> Exercise goal:
Omit all pictures. Print the remaining lines exactly, from the start of the data through the line containing "ダブルセンシングで髪の熱ダメ".

> Material for this task:
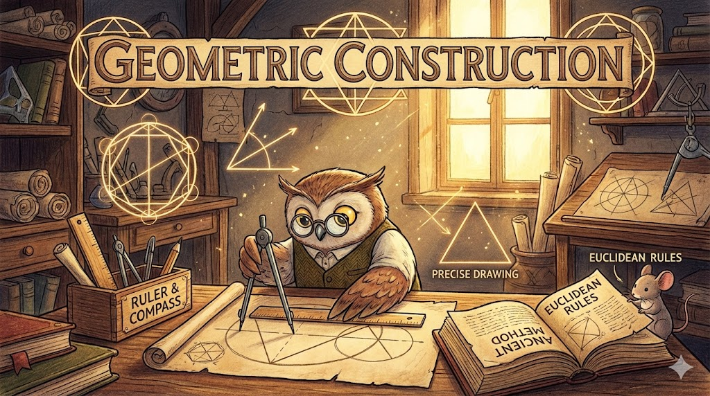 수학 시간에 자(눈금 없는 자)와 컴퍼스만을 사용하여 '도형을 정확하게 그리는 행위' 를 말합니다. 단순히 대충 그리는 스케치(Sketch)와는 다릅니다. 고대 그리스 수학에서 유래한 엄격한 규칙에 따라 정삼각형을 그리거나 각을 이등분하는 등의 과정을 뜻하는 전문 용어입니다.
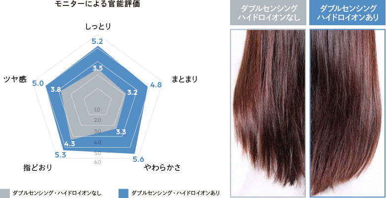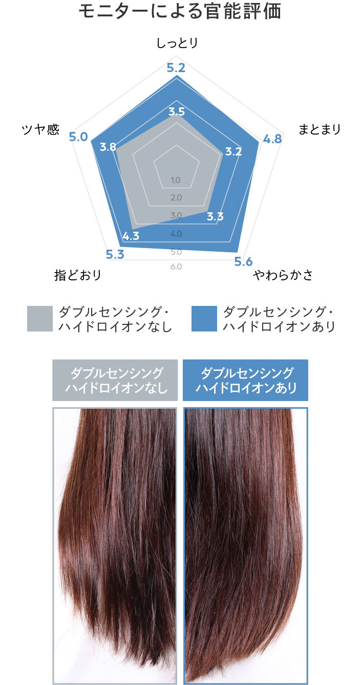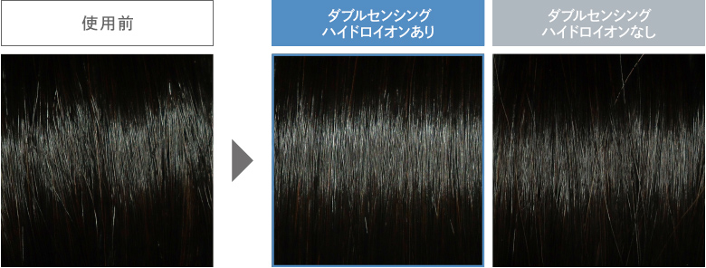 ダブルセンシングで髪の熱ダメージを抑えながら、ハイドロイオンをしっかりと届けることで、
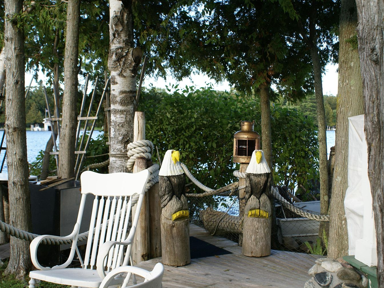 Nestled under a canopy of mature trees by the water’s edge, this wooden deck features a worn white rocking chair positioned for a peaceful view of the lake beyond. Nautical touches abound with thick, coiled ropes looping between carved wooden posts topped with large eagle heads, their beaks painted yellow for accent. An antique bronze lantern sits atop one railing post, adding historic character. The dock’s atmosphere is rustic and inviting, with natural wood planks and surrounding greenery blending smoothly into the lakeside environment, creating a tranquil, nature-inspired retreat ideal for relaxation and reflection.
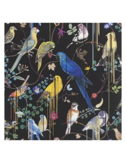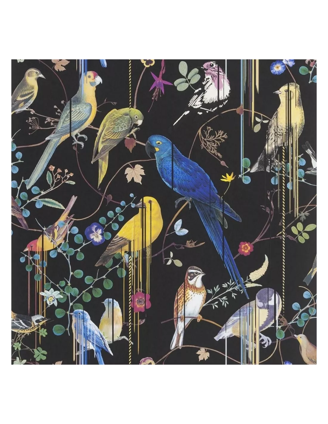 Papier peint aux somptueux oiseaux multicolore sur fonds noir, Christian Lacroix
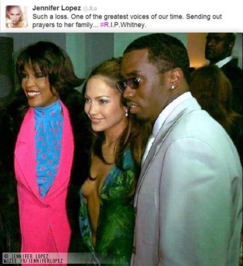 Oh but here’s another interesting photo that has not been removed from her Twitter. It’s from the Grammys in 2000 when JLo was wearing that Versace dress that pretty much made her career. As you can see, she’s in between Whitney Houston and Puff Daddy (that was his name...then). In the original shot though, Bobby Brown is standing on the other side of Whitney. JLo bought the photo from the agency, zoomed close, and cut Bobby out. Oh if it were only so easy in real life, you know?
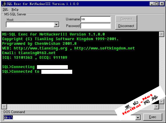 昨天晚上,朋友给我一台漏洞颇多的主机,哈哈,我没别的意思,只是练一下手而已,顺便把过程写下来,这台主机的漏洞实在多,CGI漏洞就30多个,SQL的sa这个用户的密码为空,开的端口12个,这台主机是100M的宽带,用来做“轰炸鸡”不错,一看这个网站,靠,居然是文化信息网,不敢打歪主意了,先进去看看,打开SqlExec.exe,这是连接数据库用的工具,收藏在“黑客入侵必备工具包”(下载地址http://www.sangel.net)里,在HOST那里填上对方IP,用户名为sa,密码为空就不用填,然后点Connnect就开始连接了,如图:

> Written solution:
 수학 시간에 자(눈금 없는 자)와 컴퍼스만을 사용하여 '도형을 정확하게 그리는 행위' 를 말합니다. 단순히 대충 그리는 스케치(Sketch)와는 다릅니다. 고대 그리스 수학에서 유래한 엄격한 규칙에 따라 정삼각형을 그리거나 각을 이등분하는 등의 과정을 뜻하는 전문 용어입니다.
 ダブルセンシングで髪の熱ダメージを抑えながら、ハイドロイオンをしっかりと届けることで、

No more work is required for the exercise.